What To Consider When Choosing a Provider
- Configuration: Agentic coding pipelines that repeatedly send large system prompts or repository context benefit significantly from the 75% prompt caching discount. This is a deeper discount than earlier OpenAI models offered.
- Zero Data Retention: AI Gateway supports Zero Data Retention for this model via direct gateway requests (BYOK is not included). To configure this, check the documentation.

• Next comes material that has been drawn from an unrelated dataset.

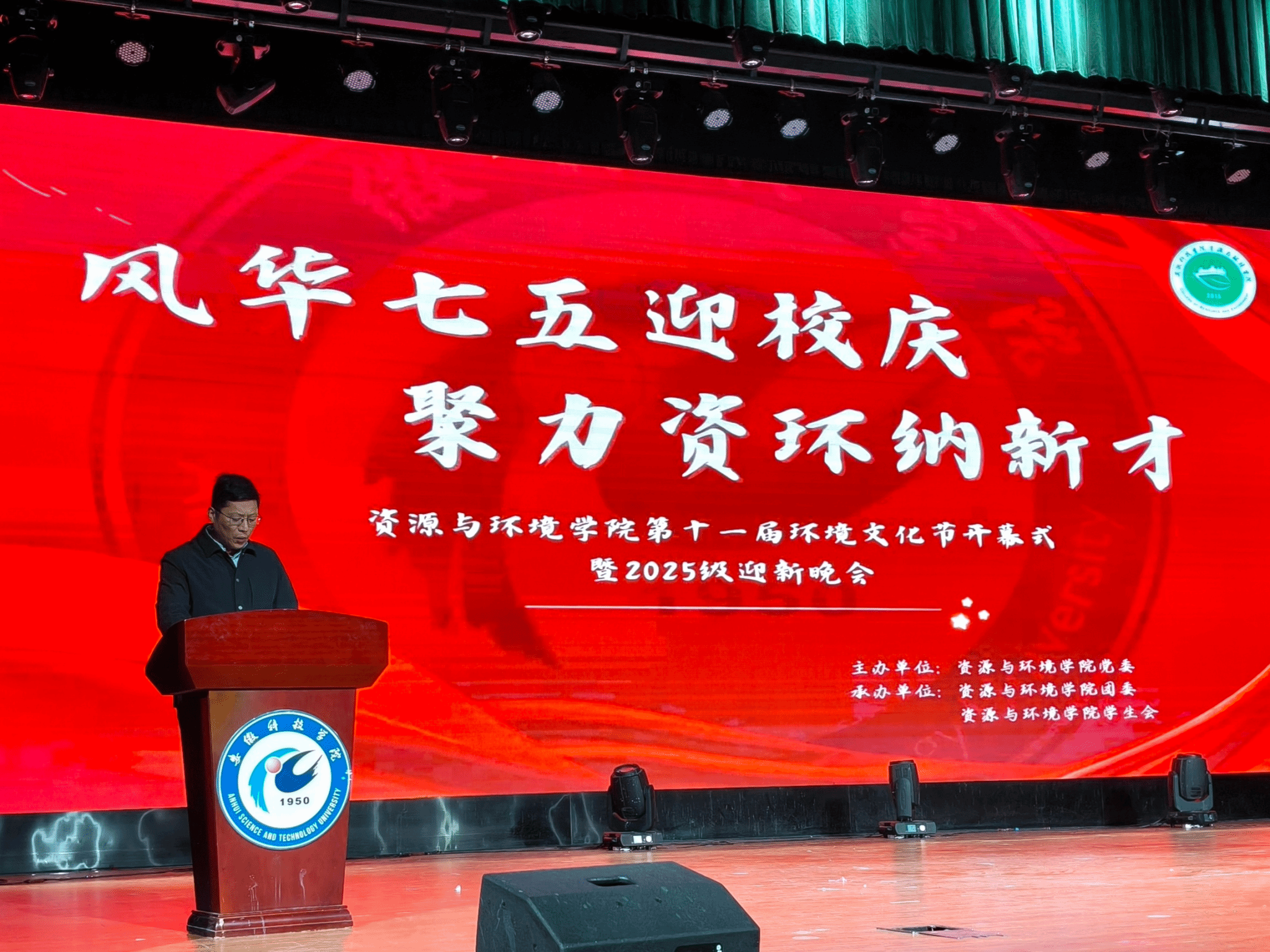 为促进新老生交流,助力2025级新生快速融入资环大家庭,11月18日晚,资源与环境学院以“风华七五迎校庆,聚力资环纳新才”为主题在大学生活动中心举办第十一届环境文化节开幕式暨2025级迎新晚会。资源与环境学院党政领导及全体辅导员出席本次活动,资源与环境学院2024级,2025级全体学生参与此次活动。
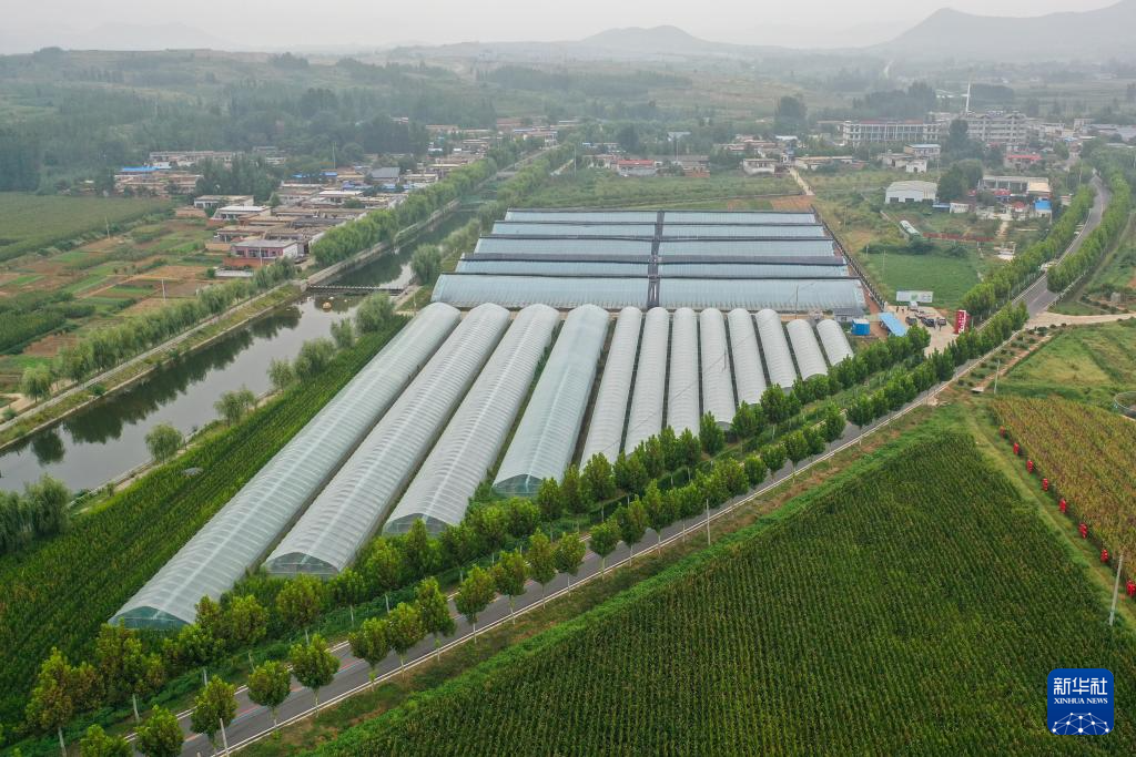 这是9月16日拍摄的肥城市河兴农业专业合作社葡萄草莓种植基地(无人机照片)。2024年,这个合作社分红50万元,实现群众集体双增收。

- Authentication: AI Gateway authenticates requests using an API key or OIDC token. You do not need to manage provider credentials directly.
When to Use GPT-4.1
Best For
- Autonomous software engineering: Code generation, debugging, and refactoring across full repositories using the context window of 1.0M tokens
- Complex instruction following: Structured extraction, compliance workflows, and multi-constraint document processing where precision matters
- Long-document analysis: Legal contracts, research papers, and entire codebases processed in a single pass without chunking
- Multimodal workflows: Applications that combine video, images, and extended text in a single request
- Cache-heavy pipelines: Large repeated prompts where the 75% caching discount materially reduces cost
Consider Alternatives When
- Simpler tasks: GPT-4.1 mini or nano can handle straightforward work at substantially lower cost
- STEM reasoning dominant: The o-series reasoning models may yield higher accuracy on chain-of-thought workloads
- Ultra-low latency: Capability can be traded for speed when response time is the primary requirement
Conclusion
GPT-4.1 is OpenAI's general-purpose API model for code-heavy and instruction-intensive workloads. The context window of 1.0M tokens, strong SWE-bench performance, and restructured pricing make it a clear upgrade path from GPT-4o for teams that need advanced coding ability without premium cost.
Frequently Asked Questions
How significant is the SWE-bench improvement?
GPT-4.1 improved 21.4 points over GPT-4o and 26.6 points over GPT-4.5 on SWE-bench Verified. This was the largest coding benchmark gain in a single OpenAI model release at the time.
What does the context window of 1.0M tokens mean in practice?
You can pass an entire large codebase, a full legal document set, or a long multi-session conversation history in a single request. GPT-4.1 retrieves information accurately at all positions within that range.
How does prompt caching work with GPT-4.1?
Repeated input tokens, such as system prompts or shared context, are cached at a 75% discount off the standard input token price. This is especially valuable for agentic loops that resend the same context on every iteration.
What is GPT-4.1's knowledge cutoff?
June 2024, updated from GPT-4o's earlier cutoff.
Does GPT-4.1 handle video input?
Yes. It accepts text, images, and video, and scored 72.0% on Video-MME's long-context, no-subtitles benchmark.
What are typical latency characteristics?
This page shows live throughput and time-to-first-token metrics measured across real AI Gateway traffic.